Task material:

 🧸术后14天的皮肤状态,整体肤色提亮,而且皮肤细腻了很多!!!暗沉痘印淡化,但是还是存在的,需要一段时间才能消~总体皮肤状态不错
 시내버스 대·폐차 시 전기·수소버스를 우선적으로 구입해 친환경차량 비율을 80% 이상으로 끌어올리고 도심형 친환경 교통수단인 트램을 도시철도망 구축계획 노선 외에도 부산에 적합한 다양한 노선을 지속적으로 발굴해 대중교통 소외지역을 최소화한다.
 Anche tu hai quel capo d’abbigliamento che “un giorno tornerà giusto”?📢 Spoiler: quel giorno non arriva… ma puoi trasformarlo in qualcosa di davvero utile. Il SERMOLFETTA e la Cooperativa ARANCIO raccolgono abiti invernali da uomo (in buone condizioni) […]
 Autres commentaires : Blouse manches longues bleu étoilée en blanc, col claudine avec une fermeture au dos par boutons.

...

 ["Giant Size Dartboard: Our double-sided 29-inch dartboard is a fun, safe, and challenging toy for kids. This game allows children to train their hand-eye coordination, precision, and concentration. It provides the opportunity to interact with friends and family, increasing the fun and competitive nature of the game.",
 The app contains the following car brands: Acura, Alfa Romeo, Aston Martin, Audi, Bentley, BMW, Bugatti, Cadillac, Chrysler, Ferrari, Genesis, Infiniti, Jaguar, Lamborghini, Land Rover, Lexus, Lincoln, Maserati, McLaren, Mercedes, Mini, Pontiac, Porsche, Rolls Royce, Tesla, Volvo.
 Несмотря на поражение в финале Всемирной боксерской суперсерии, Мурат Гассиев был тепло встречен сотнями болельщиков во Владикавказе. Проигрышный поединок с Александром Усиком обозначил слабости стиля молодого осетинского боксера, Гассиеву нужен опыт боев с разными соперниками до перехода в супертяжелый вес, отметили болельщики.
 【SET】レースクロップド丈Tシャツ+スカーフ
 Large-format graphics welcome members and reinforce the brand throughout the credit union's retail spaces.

==

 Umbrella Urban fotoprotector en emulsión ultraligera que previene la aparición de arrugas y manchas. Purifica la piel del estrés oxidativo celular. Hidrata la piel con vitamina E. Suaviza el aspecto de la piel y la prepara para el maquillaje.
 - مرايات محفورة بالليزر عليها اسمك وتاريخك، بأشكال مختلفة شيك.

Assignment: Using the entries above, repeat only the lines from the one containing "Umbrella Urban fotoprotector" through the one containing "- مرايات محفورة", end lines included.

Solution for this exercise:
 Umbrella Urban fotoprotector en emulsión ultraligera que previene la aparición de arrugas y manchas. Purifica la piel del estrés oxidativo celular. Hidrata la piel con vitamina E. Suaviza el aspecto de la piel y la prepara para el maquillaje.
 - مرايات محفورة بالليزر عليها اسمك وتاريخك، بأشكال مختلفة شيك.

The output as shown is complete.